» **Dataset section**
----------------------------------------
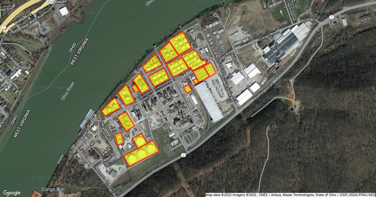 9995 Ohio River Boulevard, Newell, with Tanks in Yellow North and northeast and southwest and West in Ohio River Boulevard Newell Refinery in Ohio River Boulevard Newell
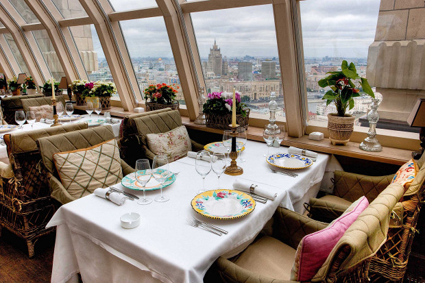 Площадка open air под шпилем гостиницы «Украина» — это круговой балкон на 34-м этаже высотки с бесцеремонным ветром и панорамой как из космоса: районы, кварталы, жилые массивы, подробный план Москвы в натуральную величину. Балкон окружили стеклянной колбой, иначе реально сдувает. Кормят по-итальянски: гребешки на гриле с фенхелем, равиоли с кроликом и цветками цукини, классический пьемонтский тартар и здешний хит — паста, замешанная в голове пармезана, — поддерживают иллюзию итальянского отпуска. Официанты утверждают, что в бокалах с шампанским каждый день оказывается с десяток обручальных колец.
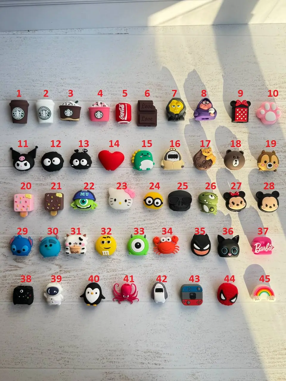 45-ابر رنگین کمان ,38-دسته ایکس باکس ,5- کوکاکولا ,37-باربی ,36- گربه چشم تیله ,23-هلوکیتی ,22-مایک کلاه دار ,21-بستنی چوبی قهوه ای ,16-کوسه هودی دار ,17-خرس بیسکویتی ,44-اسپایدرمن ,19-سنجاب ,2-استارباکس لیوانی سفید ,20-بستنی چوبی صورتی ,35-بتمن ,10-پنجه صورتی ,11-کرومی ,12-هپل ساده ,13-هپل شاخ دار ,14-قلب ,15-بچه دایناسور ,8-پاتریک گنک ,7-باب گنگ ,1-استارباکس لیوانی قهوه ای ,26-دایناسور برقی ,25-اسکلت ,34-خرچنگ ,33-بچه مایک تک چشم ,32-ام اند ام ,31-گاو ,30-سالیوان ,3-فراپاچینو قهوه ,29-استیچ ,28- چهره میکی موس ,9-مینی موس خال خالی ,27- چهره مینی موس ,4-فراپاچینو توت ,6-شکلات ,24-مینیون دو چشم ,39-فضانورد ,40-پنگوئن ,41-هشت پا ,42-کوسه طوسی ,43-نینتندو ,18-خرس قهوه ای |
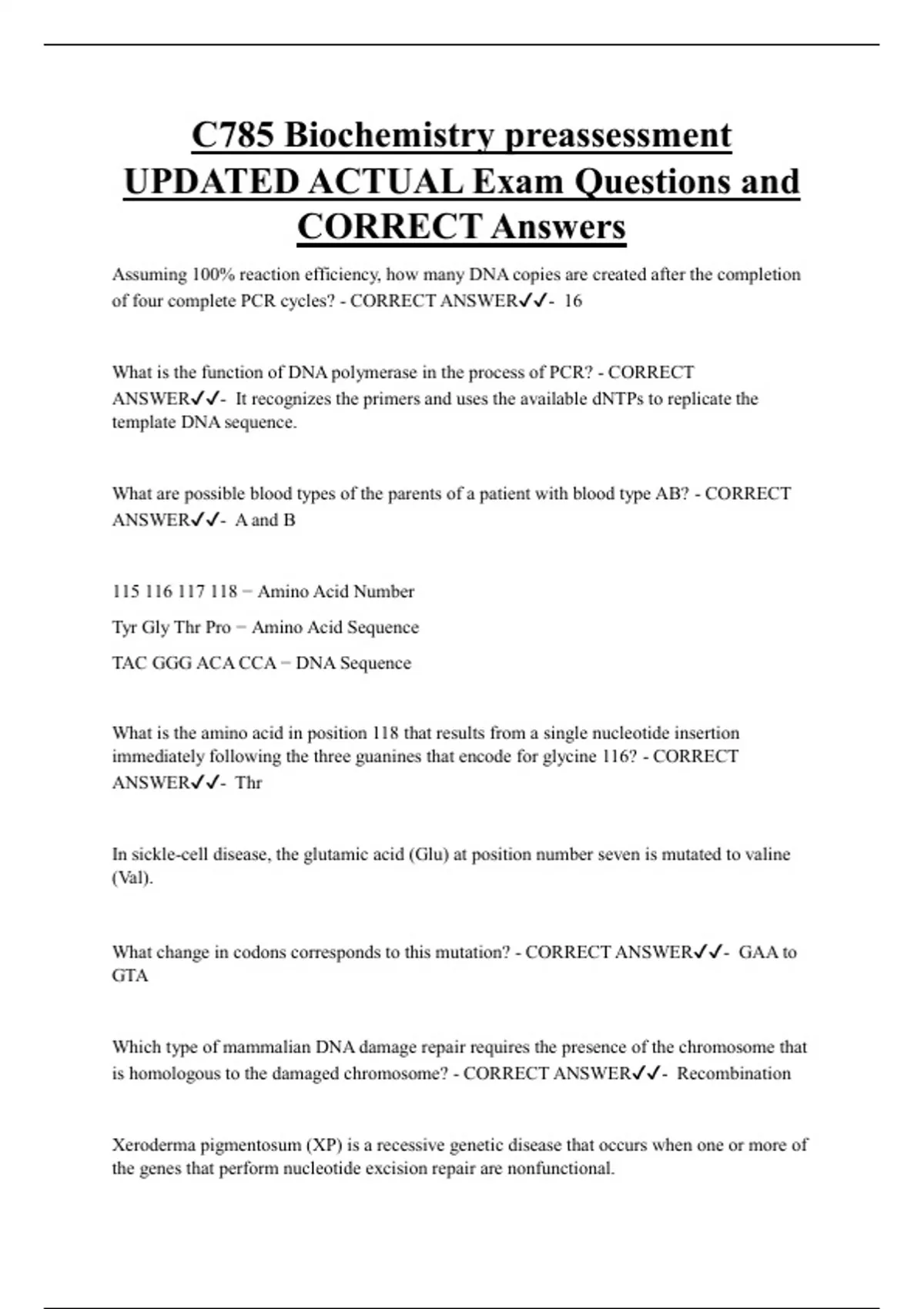 C785 Biochemistry preassessment UPDATED ACTUAL Exam Questions and CORRECT Answers
----------------------------------------
» **Task to complete**
Leave every picture out, and reproduce exactly the lines from the line bearing "45-ابر رنگین کمان" through the closing line of the material above.

» **Exercise answer**
 45-ابر رنگین کمان ,38-دسته ایکس باکس ,5- کوکاکولا ,37-باربی ,36- گربه چشم تیله ,23-هلوکیتی ,22-مایک کلاه دار ,21-بستنی چوبی قهوه ای ,16-کوسه هودی دار ,17-خرس بیسکویتی ,44-اسپایدرمن ,19-سنجاب ,2-استارباکس لیوانی سفید ,20-بستنی چوبی صورتی ,35-بتمن ,10-پنجه صورتی ,11-کرومی ,12-هپل ساده ,13-هپل شاخ دار ,14-قلب ,15-بچه دایناسور ,8-پاتریک گنک ,7-باب گنگ ,1-استارباکس لیوانی قهوه ای ,26-دایناسور برقی ,25-اسکلت ,34-خرچنگ ,33-بچه مایک تک چشم ,32-ام اند ام ,31-گاو ,30-سالیوان ,3-فراپاچینو قهوه ,29-استیچ ,28- چهره میکی موس ,9-مینی موس خال خالی ,27- چهره مینی موس ,4-فراپاچینو توت ,6-شکلات ,24-مینیون دو چشم ,39-فضانورد ,40-پنگوئن ,41-هشت پا ,42-کوسه طوسی ,43-نینتندو ,18-خرس قهوه ای |
 C785 Biochemistry preassessment UPDATED ACTUAL Exam Questions and CORRECT Answers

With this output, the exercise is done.